(Dataset entries)
------------------------------------------------

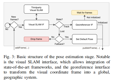 - 地理配准:若跟踪成功,将帧数据传入地理配准器,利用视觉信息和 GNSS 位置求解从局部视觉坐标系到全局地理坐标系的变换。由于需要一定数量的初始测量数据以保证计算的鲁棒性,输入帧可能会被排队,直到估计误差低于设定阈值。
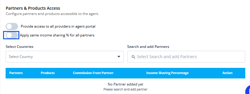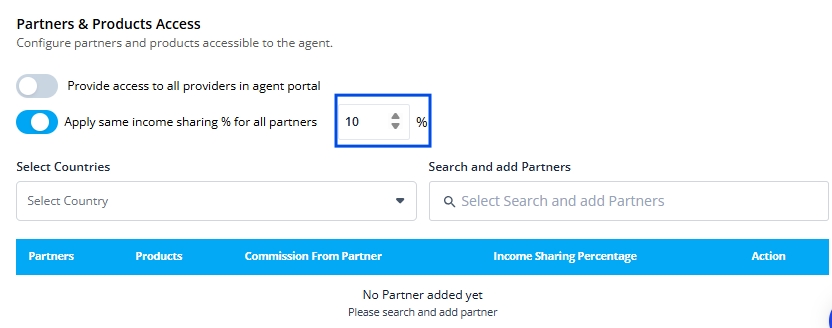 Configuring Income Sharing: Apply Same Income Sharing Percentage for All Partners. Enable the toggle "Apply same income sharing % for all partners" to assign a single income sharing percentage across all partners. This ensures consistency and saves time by eliminating the need for individual configuration.
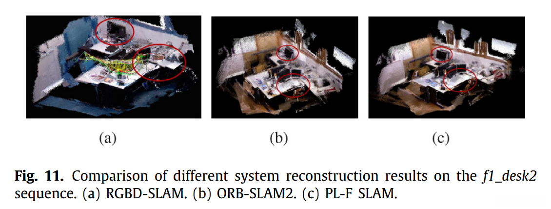 我们评估了系统的重建精度,稀疏和密集地图如图10所示,而我们的方法在低纹理序列上也能很好地工作。同时,我们将我们的方法与TUM RGBD f1_desk2上最先进的映射方法进行了比较,如图11所示。RGB-D SLAM是一个早期的工作,因此结果不如最近的工作,但我们的系统在密集映射方面表现出色,重构场景更加完整。
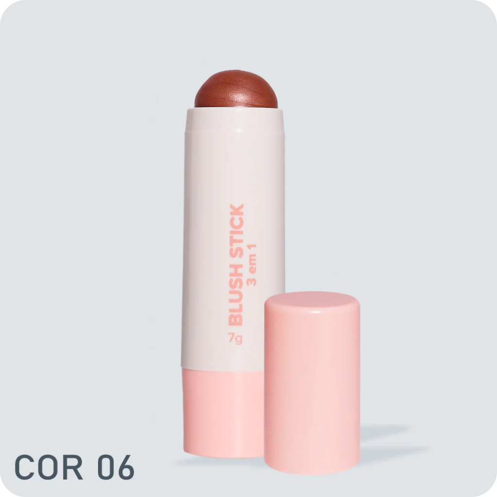Super pigmentado, o Blush Stick 3 em 1 possui uma textura cremosa e confortável e proporciona um efeito de pele saudável e natural com alta durabilidade e sem manchar. Prático para aplicar, o bastão também é multiuso, pode ser usado nos olhos, boca ou bochechas. O Blush Stick 3 em 1 está disponível em diferentes cores.
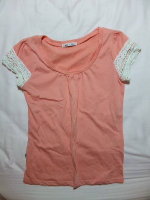 この夏のバーゲンの戦利品 肩のところがコットンのレースになってます。 柄は特にないので重ね着でよく着ます。 きれいなサーモンピンクがお気に入り。 たぶん1,000円くらいでした。

------------------------------------------------

#### [TO DO]
A picture-free version of all the records, repeated exactly, is what to return.

#### [WRITTEN RESPONSE]
 - 地理配准:若跟踪成功,将帧数据传入地理配准器,利用视觉信息和 GNSS 位置求解从局部视觉坐标系到全局地理坐标系的变换。由于需要一定数量的初始测量数据以保证计算的鲁棒性,输入帧可能会被排队,直到估计误差低于设定阈值。
 Configuring Income Sharing: Apply Same Income Sharing Percentage for All Partners. Enable the toggle "Apply same income sharing % for all partners" to assign a single income sharing percentage across all partners. This ensures consistency and saves time by eliminating the need for individual configuration.
 我们评估了系统的重建精度,稀疏和密集地图如图10所示,而我们的方法在低纹理序列上也能很好地工作。同时,我们将我们的方法与TUM RGBD f1_desk2上最先进的映射方法进行了比较,如图11所示。RGB-D SLAM是一个早期的工作,因此结果不如最近的工作,但我们的系统在密集映射方面表现出色,重构场景更加完整。
Super pigmentado, o Blush Stick 3 em 1 possui uma textura cremosa e confortável e proporciona um efeito de pele saudável e natural com alta durabilidade e sem manchar. Prático para aplicar, o bastão também é multiuso, pode ser usado nos olhos, boca ou bochechas. O Blush Stick 3 em 1 está disponível em diferentes cores.
 この夏のバーゲンの戦利品 肩のところがコットンのレースになってます。 柄は特にないので重ね着でよく着ます。 きれいなサーモンピンクがお気に入り。 たぶん1,000円くらいでした。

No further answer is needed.